At the same time as the nude photography fad, Anthony Comstock’s war on vice had become so invasive that a photographer in San Francisco was arrested for having a nude picture of his baby boy. Photographers did not put their names on nude photographs and most would not admit to taking them. All who were interviewed, though, claimed that women were constantly asking to be photographed in some degree of nudity.

Mrs. Cleveland

Those who did admit it told quite a story. One New York photographer in 1888 estimated that 8000 nudes had been taken in the previous eighteen months, “Of these one-half have been girls and women who belong to what is called respectable society; the other half have belonged to the legion of the lost.” The Wheeling photographer said this about his high society subjects, “…you couldn’t have an idea of how beautiful they are till they’re stripped. Very ordinary society ladies have surprised me when they’ve stood before me in a state of nudity by the unsuspected beauties they possess.”

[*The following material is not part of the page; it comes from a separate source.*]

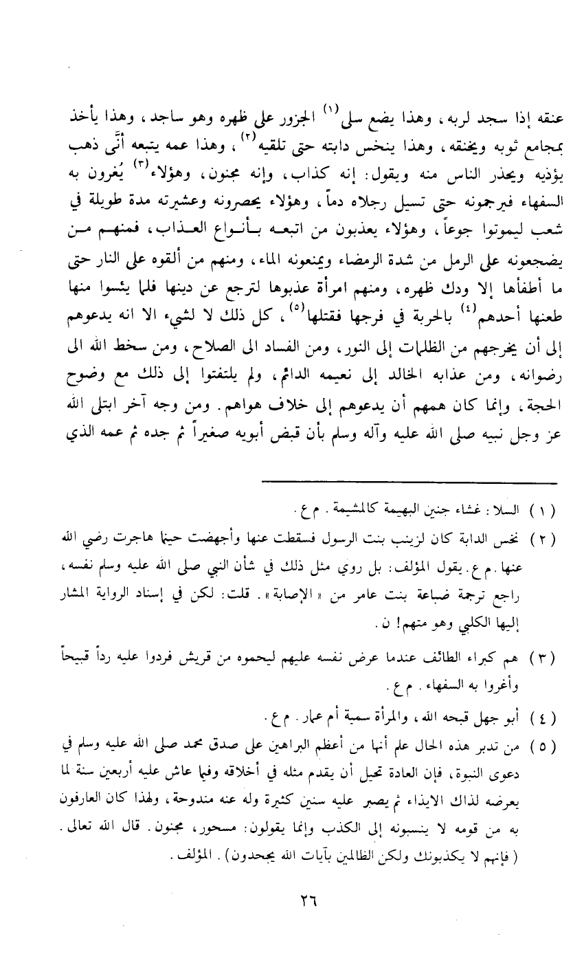 عنقه إذا سجد لربه، وهذا يضع سلى (1) الجزور على ظهره وهو ساجد، وهذا يأخذ بمجامع ثوبه ويخنقه، وهذا ينخس دابته حتى تلقيه (2) ، وهذا عمه يتبعه أنى ذهب يؤذيه ويحذر الناس منه ويقول: إنه كذاب، وإنه مجنون، وهؤلاء (3) يغرون به السفهاء فيرجمونه حتى تسيل رجلاه دماً، وهؤلاء يحصرونه وعشيرته مدة طويلة في شعب ليموتوا جوعاً، وهؤلاء يعذبون من اتبعه بأنواع العذاب، فمنهم من يضجعونه على الرمل في شدة الرمضاء ويمنعونه الماء، ومنهم من ألقوه على النار حتى ما أطفأها إلا ودك ظهره، ومنهم امرأة عذبوها لترجع عن دينها فلما يئسوا منها طعنها أحدهم (4) بالحربة في فرجها فقتلها، (5) كل ذلك لا لشيء إلا أنه يدعوهم إلى أن يخرجهم من الظلمات إلى النور، ومن الفساد إلى الصلاح، ومن سخط الله إلى رضوانه، ومن عذابه الخالد إلى نعيمه الدائم، ولم يلتفوا إلى ذلك مع وضوح الحجة، وإنما كان همهم أنه يدعوهم إلى خلاف هواهم. ومن وجه آخر ابتلى الله عز وجل نبيه صلى الله عليه وآله وسلم بأن قبض أبويه صغيراً ثم جده ثم عمه الذي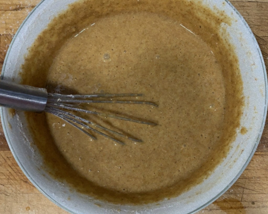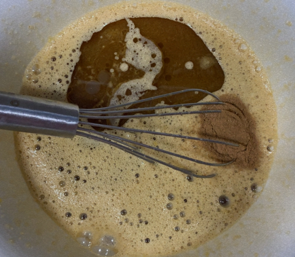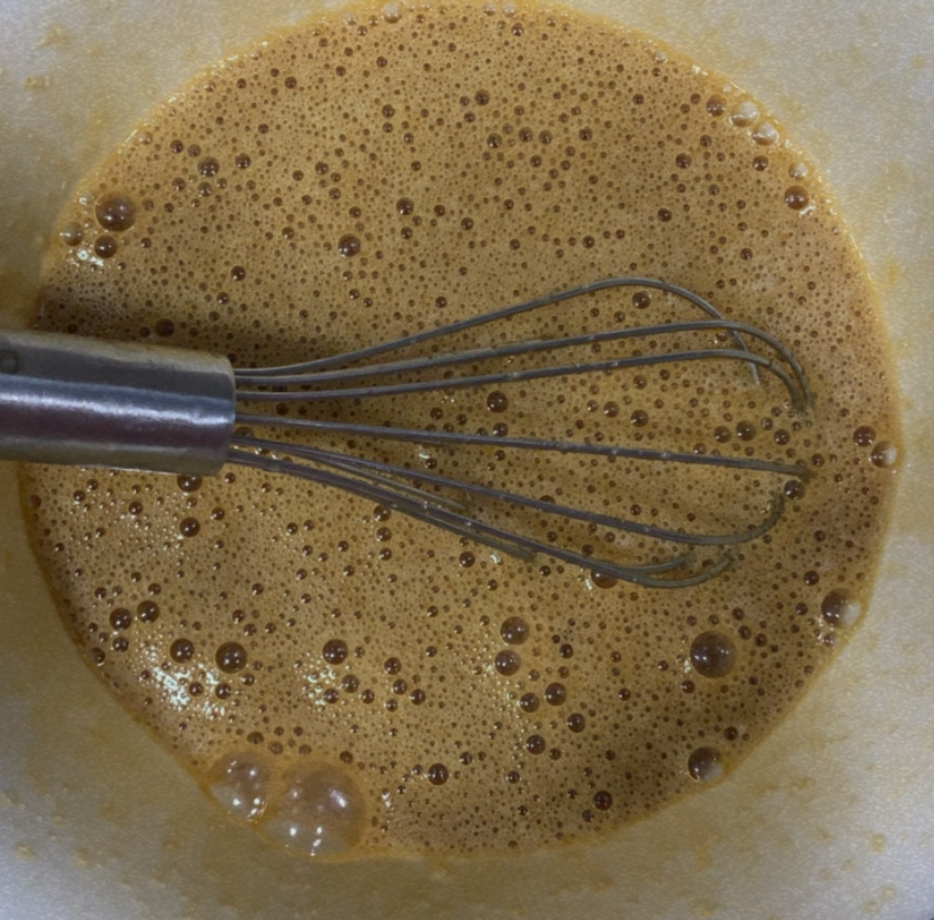 1.- En un bol, batem amb unes varilles manuals els ous i hi afegim el sucre moreno fins que s’integri, aconseguint una massa esponjosa.

If any of these high society nude photographs have survived into the twenty-first century we will probably never know. Without clothing it is hard to tell who is in society and who is in the “legion of the lost.”

 

 


 Sources:

  • "Nine Naked Beauties." The National Police Gazette 25 Nov 1882: 3.
  • "The Gay Girls of Wheeling." The National Police Gazette 2 Dec 1882.
  • David Wechsler. "Photographic Tricks." Patriot 12 Nov 1888: 3.
  • "Vain Young Women." Kansas City Star 4 Jun 1888.
  • "Girls in Scant Attire." Denver Rocky Mountain News 29 Apr 1888: 4.
  • William E. S. Fales. "The Vanity of Vanities." Patriot 20 Jul 1888.
  • "The War on the Nude." Evening Star 16 Jul 1884.